Interestingly, some companies who have not wanted or not been able to develop a performing internal sales organization have externalized or outsourced their entire sales force to specialized external “mercenary” sales teams. These often succeed in achieving excellent results. Note that coaches do not manage these external sales teams. Indeed, in these external sales companies, real sales managers know how to enforce results-oriented procedures, accompany salespeople to define higher goals, follow up their clients, measure progress, and achieve very high results. These organizations must be more motivating, somehow.
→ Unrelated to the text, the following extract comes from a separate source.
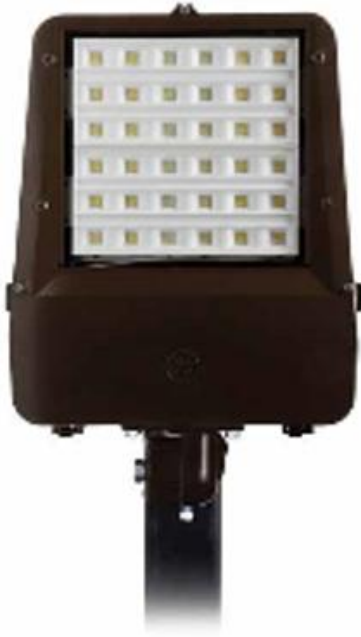
250W EQ and 400W EQ

Or rather than coach sales people, is it the managers and executives that are being coached?

What seems to emerge out of the recent “performance coaching” trend is that some organizations have given up on developing their executive and management skills of the people who hold these positions. When executives and managers don’t manage their personnel to achieve measurable results, the new strategy is to have their personnel directly “coached” by a third person to achieve results. Interestingly, these third persons do not get perks and bonuses linked to sales results, as they do not hold management position. This seems to be quite a roundabout way to protect all the executives and managers who lack management skills. But then, it is no secret that most executive decisions just aim to increase executive comfort.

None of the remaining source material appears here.